Energieausweis für Gebäude - Transparenter Energieverbrauch von Wohn- und Nichtwohngebäuden



Was ist der Energieausweis / Energiepass?

Der Energieausweis bietet eine schnelle Übersicht zum Energieverbrauch Ihres Gebäudes. Er enthält Angaben zur Qualität der Dämmung und der Heizungsanlage. Im Rahmen des Ausweises wird außerdem über Schwachstellen am Gebäude informiert und gezeigt, welche Maßnahmen zur Energieeinsparung geeignet sind (Modernisierungstipps als Empfehlung).

Der Energieausweis für Gebäude ist in Deutschland seit 1. Juli 2008 Pflicht (Grundlage : EU-Richtlinie zur "Gesamtenergieeffizienz von Gebäuden").


Wie werden die Werte ermittelt?

Der Energieausweis wird grundsätzlich für das gesamte Gebäude ausgestellt, nicht für einzelne Wohn- oder Nutzungseinheiten.
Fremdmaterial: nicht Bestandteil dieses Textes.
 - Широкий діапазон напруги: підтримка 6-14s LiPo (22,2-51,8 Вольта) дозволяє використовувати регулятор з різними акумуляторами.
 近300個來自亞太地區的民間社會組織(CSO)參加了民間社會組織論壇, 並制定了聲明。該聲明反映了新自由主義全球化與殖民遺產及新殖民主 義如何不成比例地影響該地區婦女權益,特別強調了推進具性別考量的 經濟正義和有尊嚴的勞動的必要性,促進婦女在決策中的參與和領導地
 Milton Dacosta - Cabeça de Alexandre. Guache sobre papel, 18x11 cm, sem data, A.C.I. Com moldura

Zur Ermittlung der Energiekennwerte stehen nach Vorgabe der EU-Richtlinie zwei Verfahren zur Verfügung:

1. Verbrauchsorientierter Energieausweis:

Er basiert auf den Verbrauchswerten ( Werte der letzten drei Jahre) der jeweiligen Mieter / Eigentümer und gibt nur den zufälligen augenblicklichen Energieverbrauch wider (Nutzerverhalten beeinflusst wesentlich das Ergebnis).

2. Bedarfsorientierter Energieausweis:

Er bewertet die energetische Qualität des Gebäudes bei Standardnutzung (Bewertung unabhängig vom Nutzerverhalten und allgemeinen Witterungsbedingungen) und umfasst alle bauphysikalischen Daten des Gebäudes. Das sind die Wärmeschutzeigenschaften der Außenhülle sowie die Anlagentechnik für die Raumheizung und Erwärmung es Brauchwassers. Daraus ergibt sich der Energiebedarf als Normverbrauch.
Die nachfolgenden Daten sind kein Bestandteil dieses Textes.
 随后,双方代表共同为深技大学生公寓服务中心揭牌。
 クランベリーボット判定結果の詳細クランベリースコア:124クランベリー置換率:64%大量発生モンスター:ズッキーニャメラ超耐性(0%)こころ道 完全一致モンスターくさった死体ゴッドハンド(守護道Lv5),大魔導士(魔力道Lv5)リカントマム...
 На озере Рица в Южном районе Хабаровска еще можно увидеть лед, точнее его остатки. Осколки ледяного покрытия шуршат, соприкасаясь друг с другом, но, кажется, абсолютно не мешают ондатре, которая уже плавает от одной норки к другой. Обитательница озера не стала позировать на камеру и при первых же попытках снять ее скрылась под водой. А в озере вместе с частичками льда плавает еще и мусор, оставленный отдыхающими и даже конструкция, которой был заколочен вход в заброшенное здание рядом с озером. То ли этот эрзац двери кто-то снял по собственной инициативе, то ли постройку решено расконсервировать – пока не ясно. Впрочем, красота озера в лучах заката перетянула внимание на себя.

Energiebedarfsausweis mit DENA - Gütesiegel: Qualitätsauszeichnung für Energieausweise. Dessen Anforderungen gehen deutlich über die gesetzlichen Mindestvorschriften hinaus.
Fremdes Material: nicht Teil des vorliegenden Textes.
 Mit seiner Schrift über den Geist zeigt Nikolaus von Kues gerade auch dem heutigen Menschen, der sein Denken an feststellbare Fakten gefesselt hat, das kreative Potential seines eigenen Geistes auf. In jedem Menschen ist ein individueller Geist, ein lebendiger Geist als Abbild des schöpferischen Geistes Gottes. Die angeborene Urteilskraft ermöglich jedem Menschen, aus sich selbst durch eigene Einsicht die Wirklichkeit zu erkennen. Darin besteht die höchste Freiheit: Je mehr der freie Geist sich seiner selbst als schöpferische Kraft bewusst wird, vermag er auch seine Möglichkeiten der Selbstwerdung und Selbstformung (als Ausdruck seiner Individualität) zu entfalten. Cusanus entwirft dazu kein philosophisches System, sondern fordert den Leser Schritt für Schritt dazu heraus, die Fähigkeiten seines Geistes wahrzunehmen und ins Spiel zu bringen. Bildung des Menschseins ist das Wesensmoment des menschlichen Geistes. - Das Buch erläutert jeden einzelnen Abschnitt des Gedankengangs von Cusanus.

Grundlage für die einheitlichen Berechnungsverfahren zum Energiebedarf des Gebäudes sind die Energieeinsparverordnung (EnEV) und geltende DIN - Normen.


Zusatzanforderungen an Nichtwohngebäude

Es besteht für Nichtwohngebäude Wahlfreiheit zwischen Bedarfs- und Verbrauchsausweisen. Im Unterschied zu Wohngebäuden müssen hier sowohl beim Verbrauchs-als auch beim Bedarfsausweis bei der energetischen Bewertung jedoch zusätzliche Energiebedarfsfaktoren (z.B. Beleuchtung, Lüftungsanlagen, Klimatisierung) in die Gesamtbilanz einbezogen werden.


Wann müssen Energieausweise ausgestellt werden ?

Regelung in § 16 EnEV: ·

Ausnahmen: Für denkmalgeschützte Gebäude ist die Ausstellung von Energieausweisen nicht verpflichtend vorgeschrieben. Für kleine Gebäude mit weniger als 50 m² Nutzfläche muss ebenfalls kein Energieausweis ausgestellt werden.


Der Energieausweis ist im Regelfall 10 Jahre gültig.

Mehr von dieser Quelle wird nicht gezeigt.